All children ask the question of death at one time or another, whether their mother was seriously ill or not. By simply noting that living things have an end: the snail, the caterpillar, the dog, the cat or grandmother, they experience something of the great mystery of being there, of being oneself, not another, if small, but already full of this strange substance of being alive.
“An admirable sign of the fact that human beings find in themselves the source of their philosophical reflection are children’s questions. We often hear words from their mouths whose meaning plunges directly into philosophical depths,” said Karl Jaspers.
As I entered the café, I found a whole series of familiar and loved faces. The walls seemed to gently embrace us, holding within their walls what we call a “community”. At the height of November, we were there, in this café, come there, to hear about this tension between knowing and believing.
There were many of us, yes, but through the hugs exchanged a sorrow that was ours that day also infiltrated. The Center for Contemporary Religious Studies (CERC), organizer of the event, informed us that very morning that it
was going to have to close its admission to future students.
Already the phoenix of the defunct Faculty of Theology, the CERC could no longer pursue its university mission, namely that of casting its unique, authentically interdisciplinary perspective on the religious phenomenon, combining an epistemology specific to knowledge from the humanities with that of the human sciences. called “modern”. It is still necessary to re-explain that the study of contemporary religion has nothing to do with the promotion of religion. This amalgamation alone testifies to the bad faith (no pun intended) which the proponents of an anticlerical discourse demonstrate when it comes to evacuating an entire section of human experience under the pretext that “religions , it’s bad “.
The numerous religious historical traumas which mark Quebec explain this great rejection of the thing. However, this is how we establish what we call a taboo. Not being able to approach something, think about it and dialogue about it does not make it disappear, whatever the defenders of secularism think, which very often concerns the religion of the Other, moreover. But religion is not just political, it concerns everything we put in place, as an individual and a society, to give meaning to what does not always have meaning. It is both vertical and horizontal, intimate and collective, historical, anthropological, psychological, theological, political, legal, philosophical, artistic and sociological, hence the need to focus interdisciplinary eyes on it.
To be made to believe that religion no longer exists in Quebec is to leave a deeply present phenomenon in the shadows of a society, without us being able to observe it to understand it, which, in my opinion, gives even more power to this “dreaded” thing. In a “religiously atheist” society according to the expression of
McEwen, we quickly understood that maintaining our Center was going to be difficult to defend, on a political-
university where the accounting columns so often have the last word.
At the height of November, we were nonetheless there, together, professors, lecturers,
students and members of the public, also creating our horizontality. We discussed these fundamental questions: Can we believe in God some days and find ourselves fundamentally atheists the next? What is the presence of God in the end? A chill ? The other’s face? The desire to say thank you to life, at 4 a.m., when you come home, a little drunk from a delicious evening? Talk to our dead? Perform a ritual upon the death of loved ones? Didn’t we throw the baby out with the bath water after Overall refusal ?

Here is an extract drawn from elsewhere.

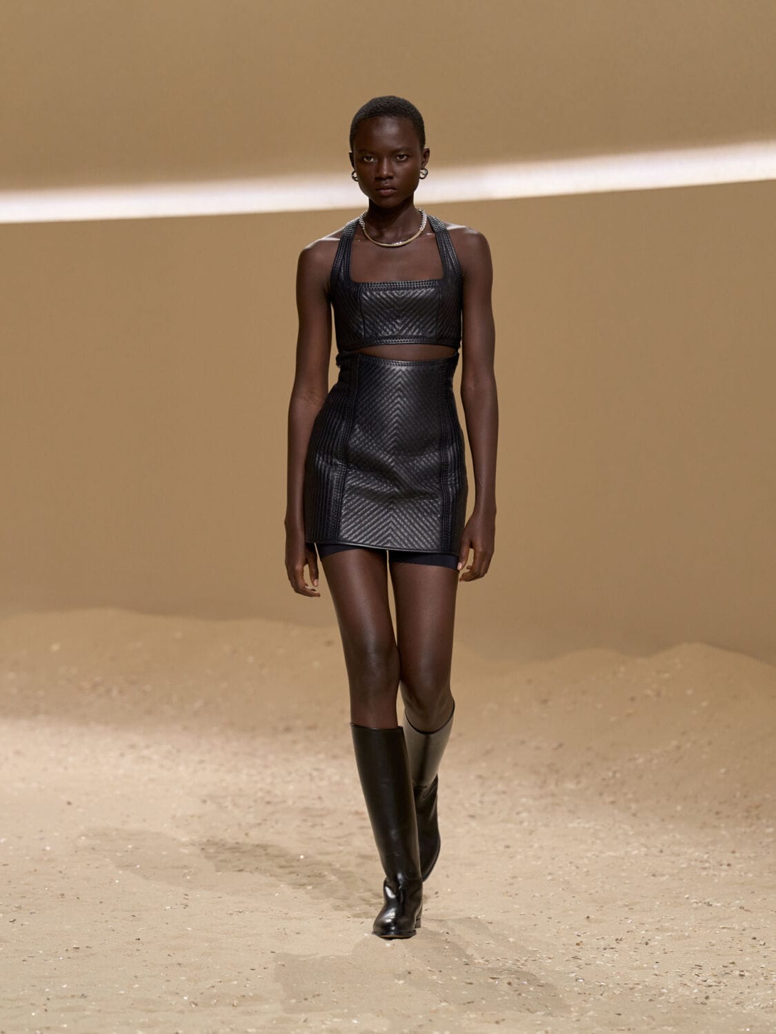 Entitled Free Rein, the collection thrilled with equestrian detailing and the kind of confident, leggy sensuality that comes when you wear quilted leather shorts with a leather harness bra, threaded through with a fluttering silk scarf.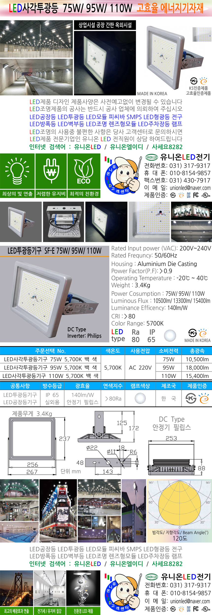 유니온엘이디 사각투광등 75W 95W 110W 공장등 이미지/

We came to think, together, that there was sometimes more dogmatism in the affirmation of the absence of God than in the arrangement and maintenance
of a doubt.
Then, a participant told us, in the middle of the event, of the death of the Cowboys singer.
We were silent.
A minute, to taste the depth of the world, to feel something like “the sacred” of the moment, its eternity placed at our feet.
These moments do not need evidence to tell. They are there whether we study them or not. They will continue to exist, whatever Freud thinks, he who announced to us the end of “illusion” in 1927.
This will not be the only time that Freud was wrong.
While I write this column, after having been so moved since Wednesday, in front of my secular Quebec so united, with its candlelight vigils and its songs, its completely horizontal verticality, my daughter hums “put your head on my shoulder, so that my love touches you.” “I don’t know how to believe”, me either, not knowing if it is the love of God, or that of the other, or just the love that touches me, in my pain. But I like to believe that doubt is my ally, whether it is profitable or not.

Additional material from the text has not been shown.